Rewriting, $$G^+_o(p,t_x,q,t_y)=\theta(t_x-t_y)e^{-i(E_pt_x-E_qt_y)}<0|\hat{a}_p\hat{a}^\dagger_q|0>$$

So I am left with the questions:

1)what justifies the creation and annihilation operators combining to give the $$\delta^{(3)}(p-q)$$
2) where does the 3 come from on the $$\delta^{(3)}$$

2. Oct 27, 2016

### vanhees71

I'd use the fact that $\hat{H}|0 \rangle=|0 \rangle$, then that $\hat{a}_q^{\dagger}|0 \rangle$ is a eigenstates of the Hamiltonian with eigenvalue $E_{\vec{q}}=\sqrt{m^2+\vec{q}^2}$ etc. etc.
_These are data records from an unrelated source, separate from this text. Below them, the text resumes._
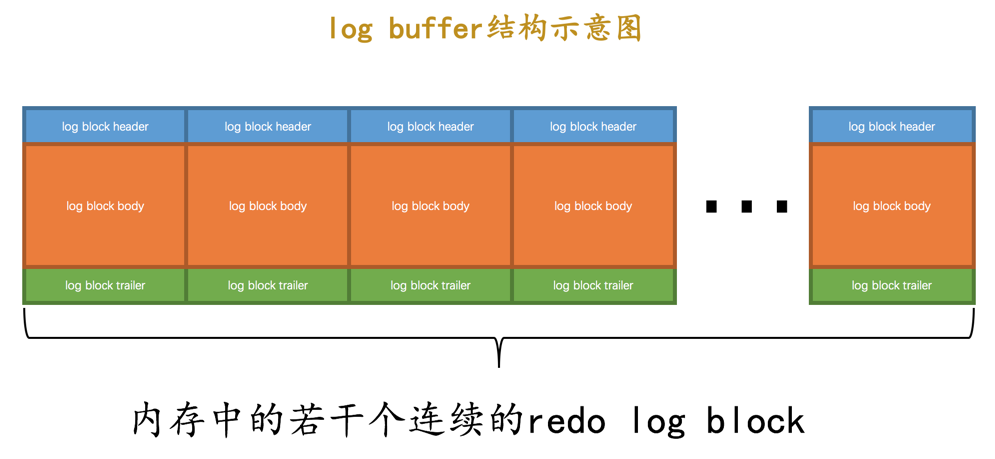 我们前面说过,设计InnoDB的大佬为了解决磁盘速度过慢的问题而引入了Buffer Pool。同理,写入redo日志时也不能直接直接写到磁盘上,实际上在服务器启动时就向操作系统申请了一大片称之为redo log buffer的连续内存空间,翻译成中文就是redo日志缓冲区,我们也可以简称为log buffer。这片内存空间被划分成若干个连续的redo log block,就像这样:
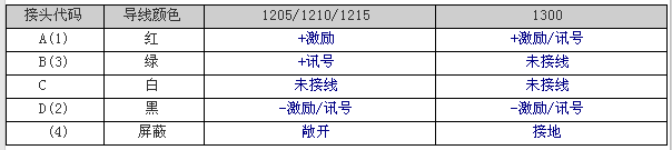 電纜(電氣接頭)導線顏色(代碼)和連接方式:
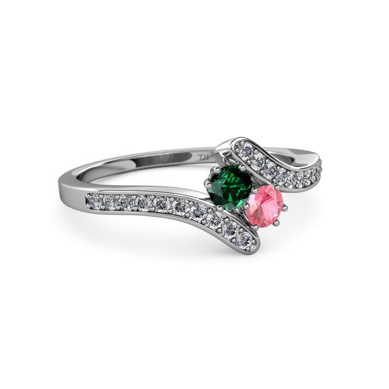 Emerald and Pink Tourmaline 2 Stone with Side Diamonds Womens Bypass Engagement Ring 0.66 ctw 14K White Gold More Details ...
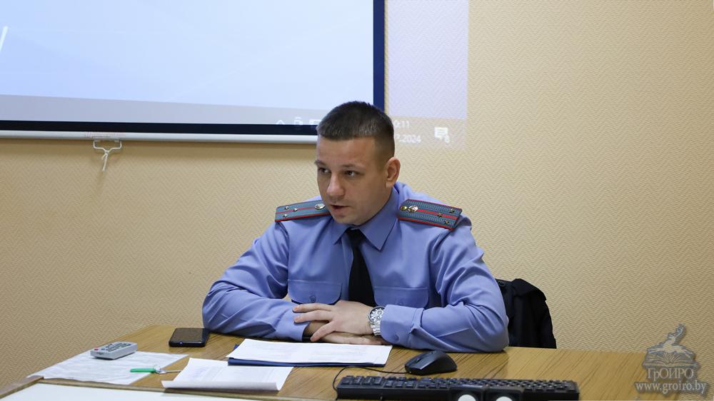 04.12.2024На встречу с представителем Госавтоинспекции в Гродненский институт развития образования на этот раз пригласили руководителей по военно-патриотическому воспитанию учреждений образования. Педагоги нередко организуют внеклассную деятельность: вместе с учащимися посещают воинские части, музеи, мемориальные комплексы и памятники. А потому для них как никогда важно организовать безопасное перемещение по городу. И научить этому детей.
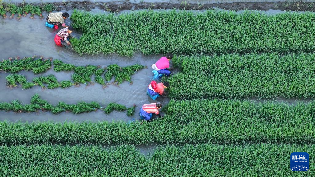 7月30日,在浙江省台州市路桥区横街镇田间,农民们忙着拔秧苗备插秧(无人机照片)。
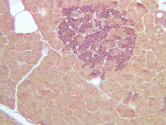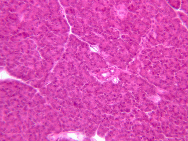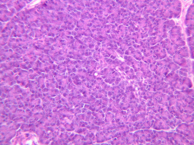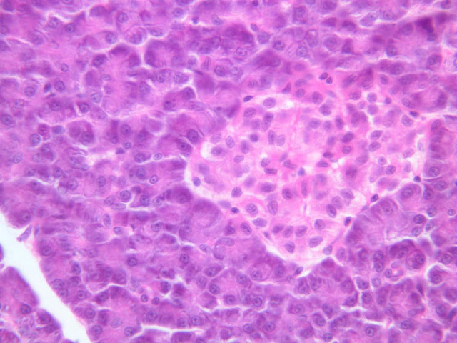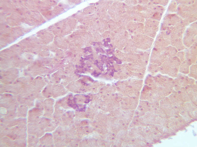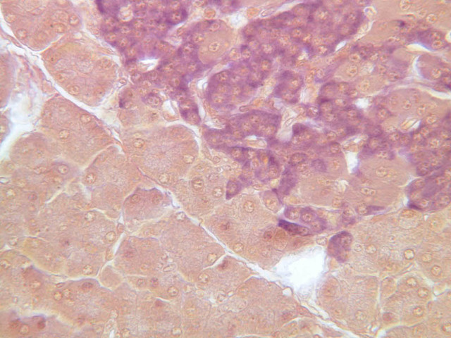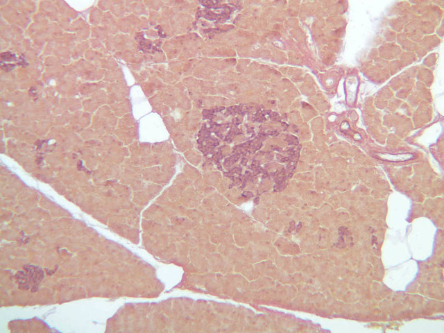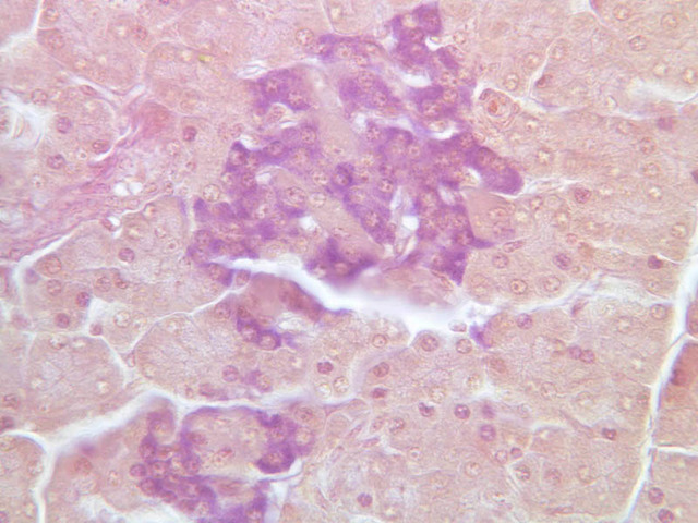 10 A Cells A H&E b36 islets of langerhans pancreas 40x labeled.jpgB36, Pancreas, 40x

This should step by step lead to the equation you want to proof.

BTW: You should post that kind of questions to the homework forum! It doesn't help you, if we just present the solution. Hints for how to solve the problem youself is much better help (although less convenient for you ;-)).